Check the tutorial files here
March 2023 update
The tutorial files were updated to work with newer versions of Optuna (3.0.5), Tensorflow (2.9.1 and up) and python (3.10.5). The main changes come from the Optuna library. All modifications are implemented into 2 new notebooks versions (that end with _v2) and are highlighted in red text, describing what has changed.
May 2023 update Bug detected in the notebook: "2) optimization_tutorial_classification_v2.ipynb". I detected a typo in the function
create_model()
defined in section 5.1). The range for the number of DENSE layers starts at index=1 (it should start at index=0). The loop for the hyperparameter optimization (HPO) generated NUM_FC_UNITS and DROPOUT_RATE lists that start at index=0. This means that the HP in these lists that have index=0 were never considered by the CNN during the optimization because only indices>0 are used. In practice this means that when we instantiate a new model, i.e.create_model(num_FC_layers, num_FC_units, filter_size, DROPOUT, reg_beta)
with(5, [360,350,132,442,334], 3, [0.555,0.165,0.13,0.46,0.085], 1e-05)
the first values for lists num_FC_units (i.e. 360) and DROPOUT (i.e. 0.555) are not considered by the model. We can confirm this in section 6.1. If we change the first items on these lists when we define "model454" the prediction results is exactly the same, i.e. the CNN is not using those hyperparameters because the corresponding DENSE_0/DROPOUT_0 layer pair was never created in the first place. In terms of practical effects this means that the reported model complexity is higher than the real model. Our conclusion that the optimized modelmodel454 = create_model(5, [360,350,132,442,334], 3, [0.555,0.165,0.13,0.46,0.085], 1e-05)
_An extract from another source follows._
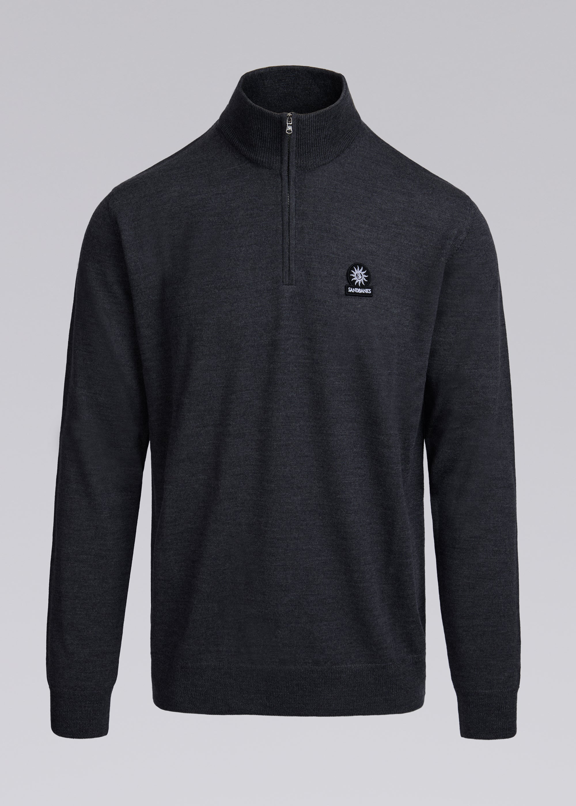 Sandbanks Merino Wool Quarter Zip Knitted Jumper - Anthracite

had 5 optimized DENSE/DROPOUT layers means that in fact it had 4 optimized DENSE/DROPOUT layers with [350,132,442,334] / [0.165,0.13,0.46,0.085] respectively. That being said, the optimization pipeline suggested here remains valid and a useful way of dealing with CNN HPO for spectral analysis. This notebook will remain as is for the mean time for warning purposes and will be completely substituted with a corrected version after some time. Do a local search for #BUG keyword/comments in the present code to know where things will change
Deep Tutti Frutti: Exploring CNN architectures for dry matter prediction in fruit from multi-fruit near-infrared spectra
The accompanying notebooks of our work: Passos, D., Mishra, P.,"Deep Tutti Frutti: exploring CNN architectures for dry matter prediction in fruit from multi-fruit near-infrared spectra" (available in open access). This is a follow-up of the CNN HPO methodology developed and presented in the previous tutorial specifically aimed at dry matter prediction in a multi-fruit data set.
Check the files here: Deep Tutti Frutti I notebooks. The train and test set partitions are available in the "data" folder (multifruit_train.csv and multifruit_test.csv). The first 105 columns are wavelenghts (spectra), and the two last columns are DM and Fruit Class (apple-1, kiwi-2, mango-3 and pears4).